/UOF-paper-code

Official implementation for the UOF paper (algorithm & environment)

Primary LanguagePythonMIT LicenseMIT

Official implementation for the UOF paper (algorithm & environment)

This is the official implementation of the codes that produced the results in the 2021 IEEE TNNLS paper titled "Hierarchical Reinforcement Learning with Universal Policies for Multi-Step Robotic Manipulation". Link to video demo. Feel free to play with the codes and raise issues.
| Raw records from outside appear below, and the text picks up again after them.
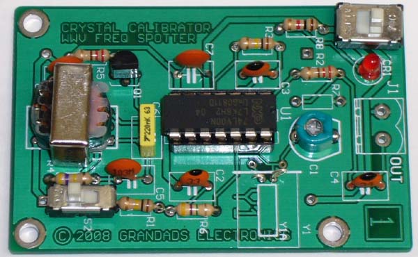 オリジナルは、中央・下の白く囲まれた部分にシリンダー型の水晶発振子を半田付けします。
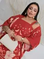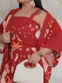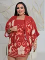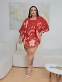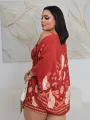 Macacão curto com alças largas e decote quadrado, em estampa floral quente de vermelho, creme e coral. O caimento é suave e a cintura marcada realça a silhueta, mantendo o conforto para o dia a dia.
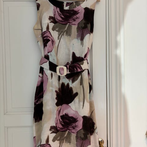 Sommerkjole i nydelige farger, i bl annet oransje, gult, grønt og litt rosa, svært lite brukt og fremstår som veldig pen. Kjole er helfôret, både kjolen og fôret Dr i 100% bomull.
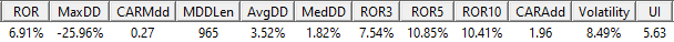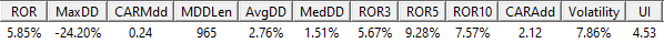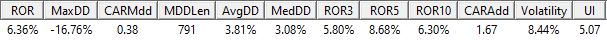Hey that looks pretty good! 6.33% returns with 11.13% drawdown, that way out performs any of the traditional static All Weather portfolios we looked at in the part one of this article series. Some may say 6% return isn’t that impressive, but that comes with only an 11% drawdown. On the other hand the SPY had a drawdown of over 50% in the 2008 financial crisis. Risk adjusted, this third All Weather portfolio destroys the performance of the SPY.
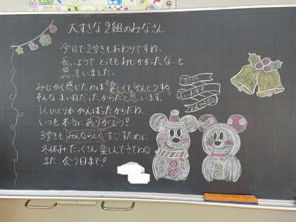 黒板に担任の先生からの温かいメッセージが書かれているクラスもありました。
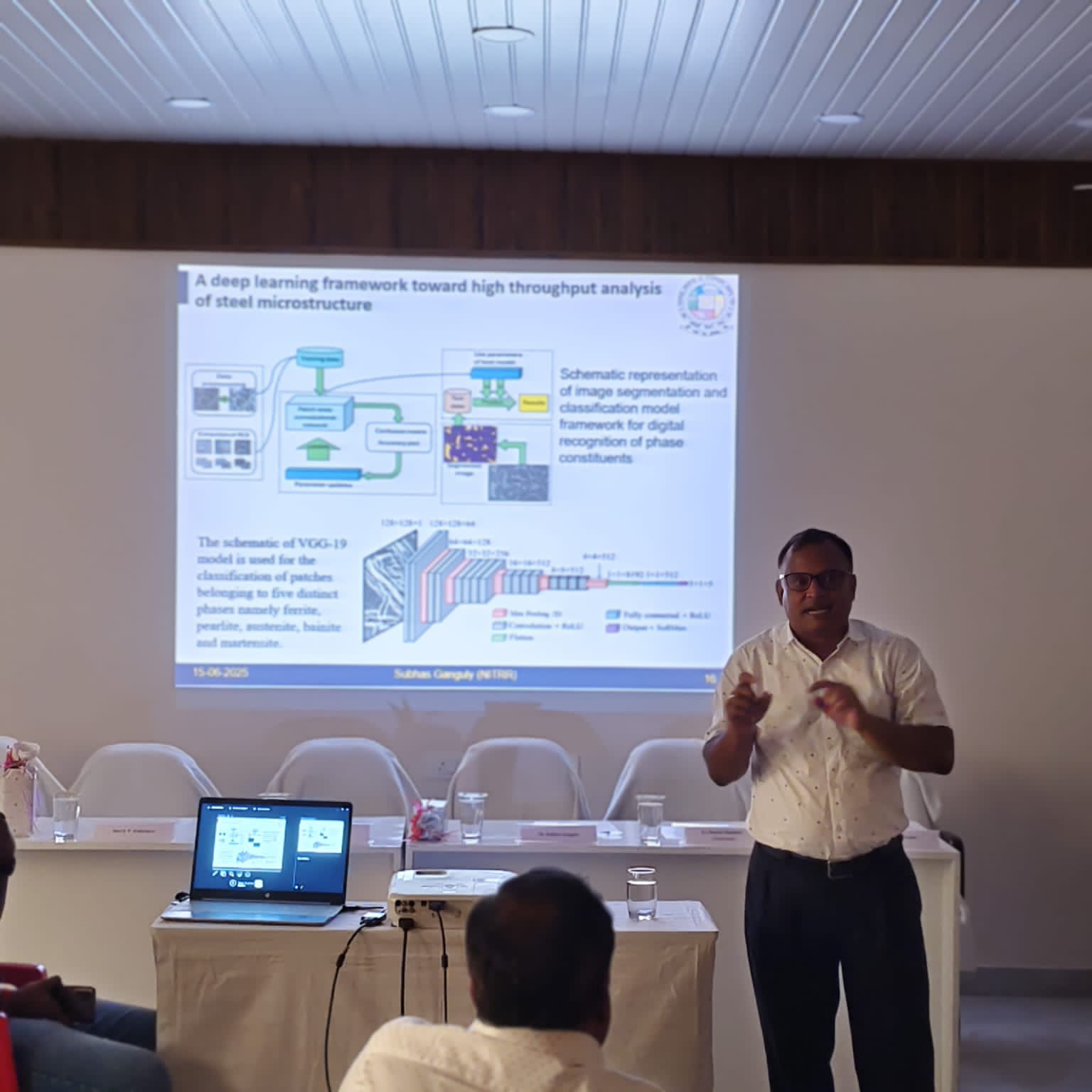 विशिष्ट अतिथि डा सुभाष गांगुली , विभागाध्यक्ष एवं सह प्राध्यापक, धातुकर्म एवं सामग्री इंजीनियरिंग, एन आई टी रायपुर ने अपना प्रस्तुतीकरण “स्टील माइक्रो स्ट्रक्चर” विषय पर दिया | उन्होंने बताया कि प्रत्येक सामग्री का एक माइक्रो स्ट्रक्चर होता है जो कि उसके प्रसंस्करण की प्रक्रिया से मिलता है और वही उसके गुणों को नियंत्रित करता है | डा सुभाष गांगुली ने बताया कि स्टील माइक्रो स्ट्रक्चर के परिशोधन द्वारा सभी उत्पादों की लागत किफायती होगी तथा इससे नैसर्गिक संसाधनों की बचत भी होगी और पर्यावरण संरक्षण में भी मदद मिलेगी | उन्होंने कहा कि स्टील माइक्रो स्ट्रक्चर के ज्ञान से लक्षित उत्पाद के घटक तत्वों की जानकारी प्राप्त होगी जो भविष्य के स्टील उत्पादों के निर्माण प्रक्रिया में मदद गार साबित होगा | डा गांगुली ने बताया कि चैट जी पी टी तथा ए आई के उपयोग द्वारा वास्तविक और आभासी प्रक्रिया के अंतर को समझा जा सकता है |

If you use our codes, please consider cite our paper as follow:

@ARTICLE{9366328,
  author={X. {Yang} and Z. {Ji} and J. {Wu} and Y. -K. {Lai} and C. {Wei} and G. {Liu} and R. {Setchi}},
  journal={IEEE Transactions on Neural Networks and Learning Systems}, 
  title={Hierarchical Reinforcement Learning With Universal Policies for Multistep Robotic Manipulation}, 
  year={2021},
  volume={},
  number={},
  pages={1-15},
  doi={10.1109/TNNLS.2021.3059912}}

Main Dependencies:

  1. Ubuntu 16.04/18.04 were tested
    • Higher version Ubuntu systems should work as well.
    • The project was developed and tested on Linux, not sure how it works on Windows.
  2. Python 3
  3. Mujoco and mujoco-py (150, 200, & 210) should be all working properly
  4. Pytorch
  5. Others python -m pip install -r requirements.txt

Get started:

  1. Clone the repository to wherever you like.
  2. On a terminal: export PYTHONPATH=$PYTHONPATH:$PATH_OF_THE_PROJECT_ROOT. Replace $PATH_OF_THE_PROJECT_ROOT with something like /home/someone/UOF-paper-code.
  3. (Optional) Activate your conda environment if desired.
  4. From the project root:
    • Evaluate the pre-trained UOF agent python run_uof.py --task-id 0
    • Evaluate the pre-trained HAC agent python run_hac.py --task-id 0
    • Train your own UOF agent python run_uof.py --task-id 0 --train
    • Train your own HAC agent python run_hac.py --task-id 0 --train
  5. If you know what you are doing, just modify the arguments in the script as you like.
  6. More algorithm-related parameters can be found in the config files.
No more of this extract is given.